藻类水热液化产物生物油分离纯化及组分分析

方丽娜^1,2, 陈宇², 刘娅¹, 吴可荆², 吴玉龙², 杨明德²

1 石河子大学食品学院, 新疆石河子 832003;
2 清华大学核能与新能源技术研究院, 北京 100084

收稿日期:2015-06-30 修回日期:2015-07-07 出版日期:2015-09-05 发布日期:2015-09-05
通讯作者: 吴玉龙
基金资助:
国家自然科学基金项目(21376140,21176142);教育部新世纪优秀人才支持计划项目(NCET-12-0308);教育部长江学者与创新团队计划(IRT13026)。
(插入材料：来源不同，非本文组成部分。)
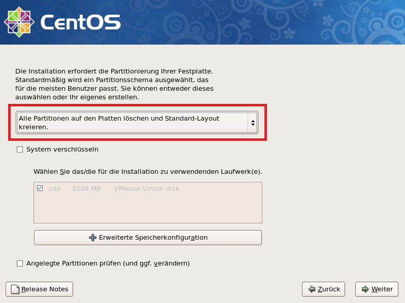 Bei der einfachen VMware-Installation kann man das erkannte nix existierende Format auch gleich durch den Standard ersetzen lassen.
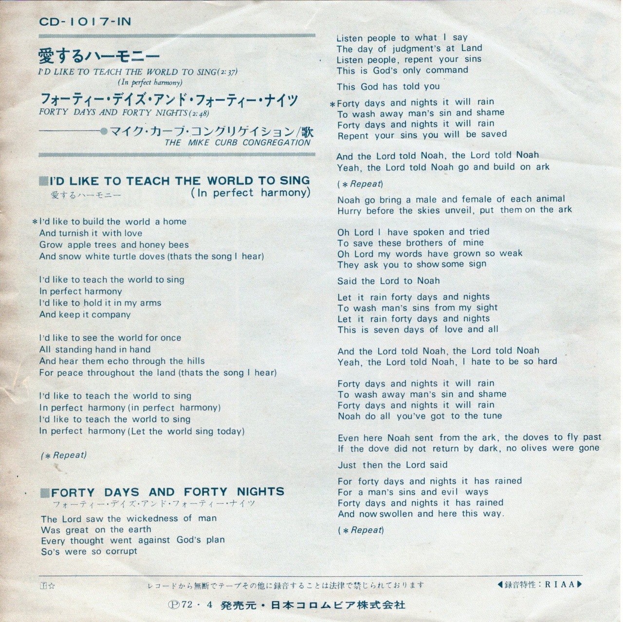 【7″】マイク・カーブ・コングリゲイション 愛するハーモニー / フォーティー・デイズ・アンド・フォーティー・ナイツ THE MIKE CURB CONGREGATION - I'D LIKE TO TEACH THE WORLD TO SING (In perfect harmony) / FORTY DAYS AND FORTY NIGHTS

Separation, purification and composition analysis of bio-oil from hydrothermal liquefaction of microalgae

FANG Lina^1,2, CHEN Yu², LIU Ya¹, WU Kejing², WU Yulong², YANG Mingde²

1 College of Food, Shihezi University, Shihezi 832003, Xinjiang, China;
2 Institute of Nuclear and New Energy Technology, Tsinghua University, Beijing 100084, China

Received:2015-06-30 Revised:2015-07-07 Online:2015-09-05 Published:2015-09-05
Supported by:
supported by the National Natural Science Foundation of China (21376140, 21176142), Program for New Century Excellent Talents in University (NCET-12-0308), and Program for Changjiang Scholars and Innovative Research Team in University (IRT13026).

摘要/Abstract

摘要：

杜氏盐藻通过水热液化制备得到的生物油,先采用溶剂分割分别得到正己烷相、二氯甲烷相和乙醚相,再对二氯甲烷相进行柱层析分离纯化。正己烷相和乙醚相直接通过GC-MS和FT-IR进行分析,二氯甲烷相先经柱层析分离后结合GC-MS、二次质谱和FT-IR等确认不同馏分的产物组成。研究结果表明:二氯甲烷相经柱层析分离可得到16个馏分,分别是石油醚馏分(A₁),主要是烯烃类;石油醚:乙酸乙酯馏分(A₂),主要是酸类化合物;石油醚:丙酮馏分(A₃),主要是酰胺类;石油醚:甲醇馏分(A₄),主要是烷烃类;甲醇馏分(A₅),主要是十八碳烯酰胺。经柱层析分离纯化后,生物油的回收率高达91.38%;获取较全的生物油组分信息,为藻类液化机理的分析和生物油的改质提供了依据。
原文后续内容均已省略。